One of the leading directions of modern applied physics evolution is the creation of new nanomaterials and nanomaterials-based composites, as well as improving the properties of existing materials by modifying them. Among wide variety of studies, much attention is paid to the study of light-emitting properties of nanoobjects and nanocomposites, as well as to the relationship between their structural and luminescent properties. This interest is caused by the prospect to better control the characteristics of nanomaterials-based phosphors as compared with traditional phosphors. Since the significant progress has been made in recent decades in the field of light emitting technology in the visible light range, the focus of researchers' interests has shifted to the search for the phosphors in the ultraviolet and shortwave visible regions of the spectrum, which requires the use of wide-bandgap materials.
Nanomaterials based on metal oxides are often used to solve the problem light emission in the short-wave spectral region.
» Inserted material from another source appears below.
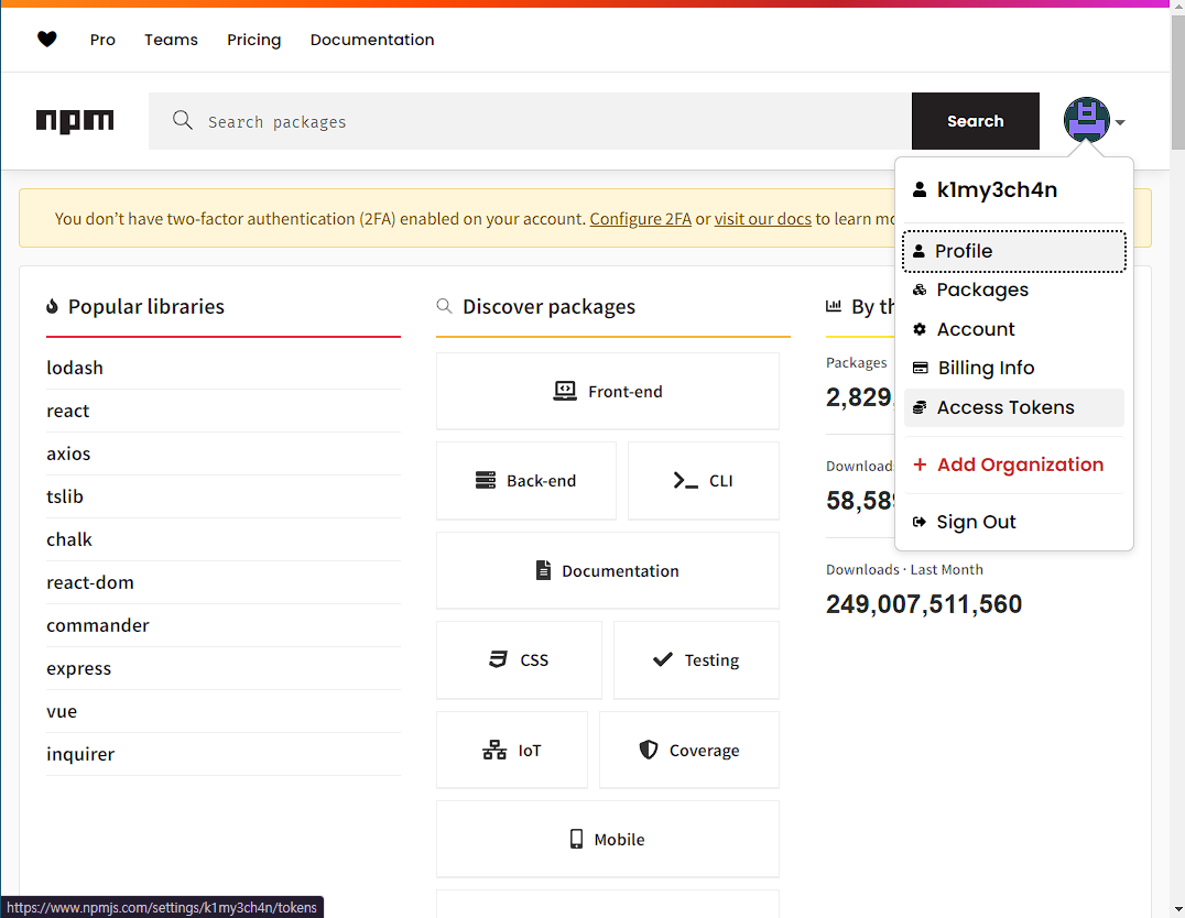 NPM ์ ๋ฐฐํฌํ๊ธฐ ์ํด์๋ NPM ์์ด๋์ ํ ํฐ์ด ํ์ํฉ๋๋ค.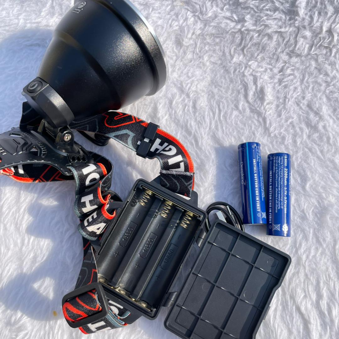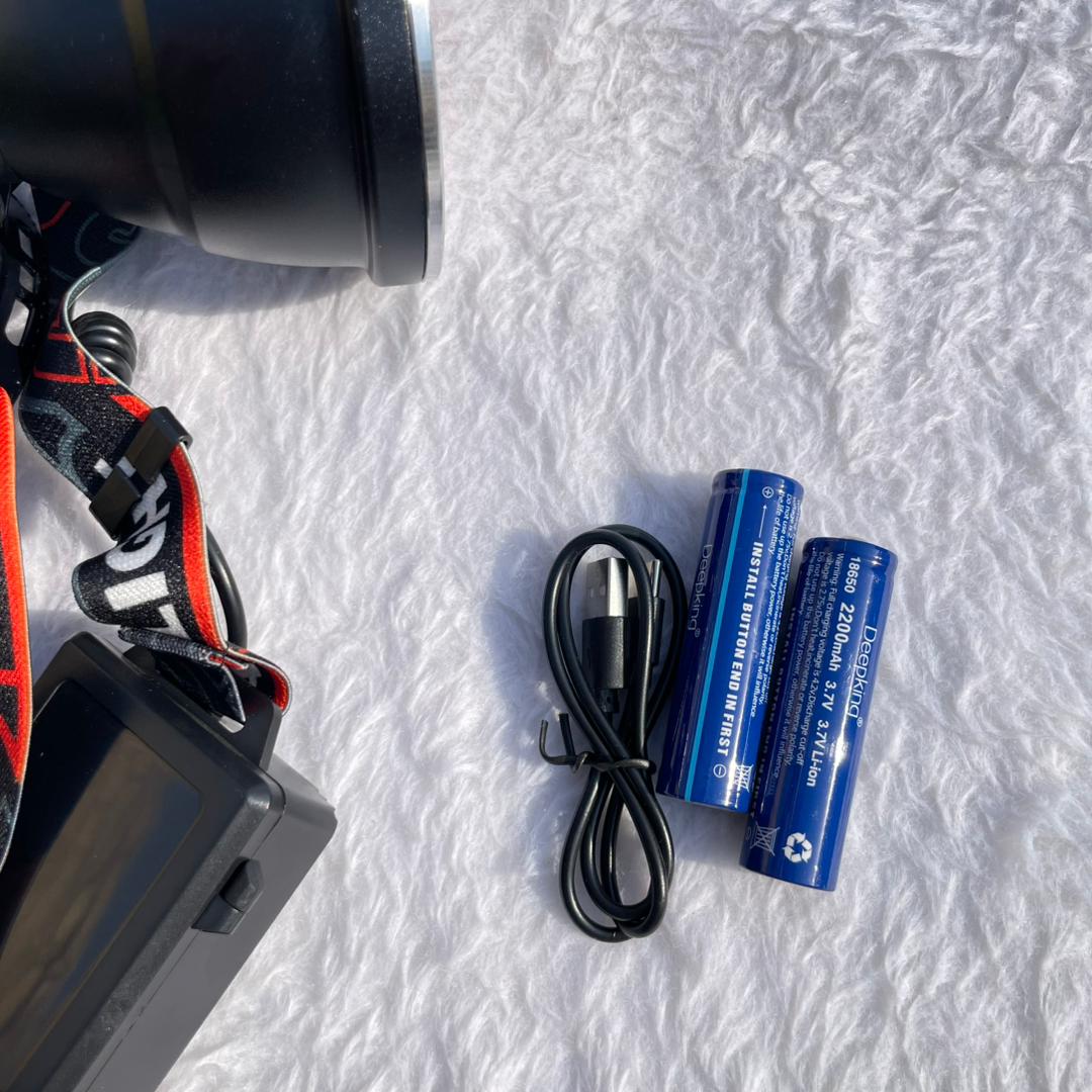 چراغ پیشانی شارژی Deepking DK-373 با LED پرقدرت 50 وات، زومدار و ضدآب، مجهز به باتری 18650 و شارژ سریع Type-C، مناسب کمپ و کوهنوردی. روشنایی حبابی

In particular, one of the most promising are wide-band semiconductors zinc oxide (ZnO) and titanium dioxide in the crystalline phase of anatase (TiO2) with a band gap of 3.3 and 3.2 eV, respectively [1, 2]. Based on these materials, it is possible to obtain light-emitting devices with very different characteristics. Many different methods have been developed to achieve the desired light-emitting properties. In particular, the characteristics of these objects can be changed and controlled by modifying their surface, as well as incorporation into dielectric and conductive matrices. The role of these two factors in varying the properties of materials requires detailed study.
Another light-emitting material for use as short-wave phosphors, are carbon-based nanostructures. The advantage of these nanostructures as emitters is that the spectral characteristics of these objects can be controlled in a wide range by selecting the synthesis conditions. To date, many different carbon nanostructures have been synthesized, such as amorphous carbon nanoparticles, nanoclusters, graphene quantum dots, and others (such structures are referred to in the literature as "C-dots"), and the luminescent properties of these objects have been studied. However, at the beginning of this dissertation research, the question of explanation the evolution of the light-emitting properties of carbon objects remained open. Structurally close to C- dots are the nanostructures of boron nitride, BN. This wide-bandgap artificial material was first synthesized in the form of crystals, and now several modifications of nano-BN are available. The band gap of bulk boron nitride is ~ 5 eV, which makes BN a probable candidate to obtain radiation in the ultraviolet region (C-UV range). At the same time, due to the presence of defects, BN can also emit light in the near UV (A-UV range) and visible regions of the spectrum.
The aim of the dissertation is to establish the mechanisms of photoluminescence excitation and light emission processes in nanoparticles of wide-bandgap materials and composites based on them, as well as to identify the features of nanoparticle-matrix interaction.
The following scientific results were obtained during the dissertation research:
1. Photoluminescence of surface states in titanium dioxide nanoparticles as well as phenothiazine-modified nanoparticles was detected. This emission is excitation -dependent and is observed only at the excitation quanta energies exceeding Eg/ It has been shown that in TiO2 modified with phenothiazine, the excitation conditions of this emission are improved due to the filling of trap states with phenothiazine electrons.
2. The mechanism of photoluminescence excitation of ZnO nanoparticles in ZnO / ПВП nanocomposite via energy transfer from the matrix to nanoparticles is proposed. The corresponding energy scheme of transitions involved in the processes of photoluminescence excitation and light emitting of ZnO / ПВП nanocomposites is proposed.
3. The spontaneous formation of C-dots during long-term “aging” of ethanol solutions Zn(acac)2 is revealed.
4. It is shown that the photoluminescence of all types of C-dots studied (both spontaneously formed and obtained by annealing of chemically treated silica and synthesized by colloidal chemistry method in the matrix of porous SiO2) can be described by a unified scheme of C-dots radiative properties evolution.
5. In the photoluminescence spectrum of boron nitride powder synthesized by the method of carbothermal reduction from boron oxide, a long-wave wing was detected, which is due to the presence of C-dots in the material.
The practical significance of the obtained results is that a non-toxic solid-state phosphor with controlled spectral characteristics based on ZnO/polyvinylpyrrolidone nanocomposite was proposed. The dissertation also presents a model of the device based on C-dots synthesized directly in the matrix of porous silica.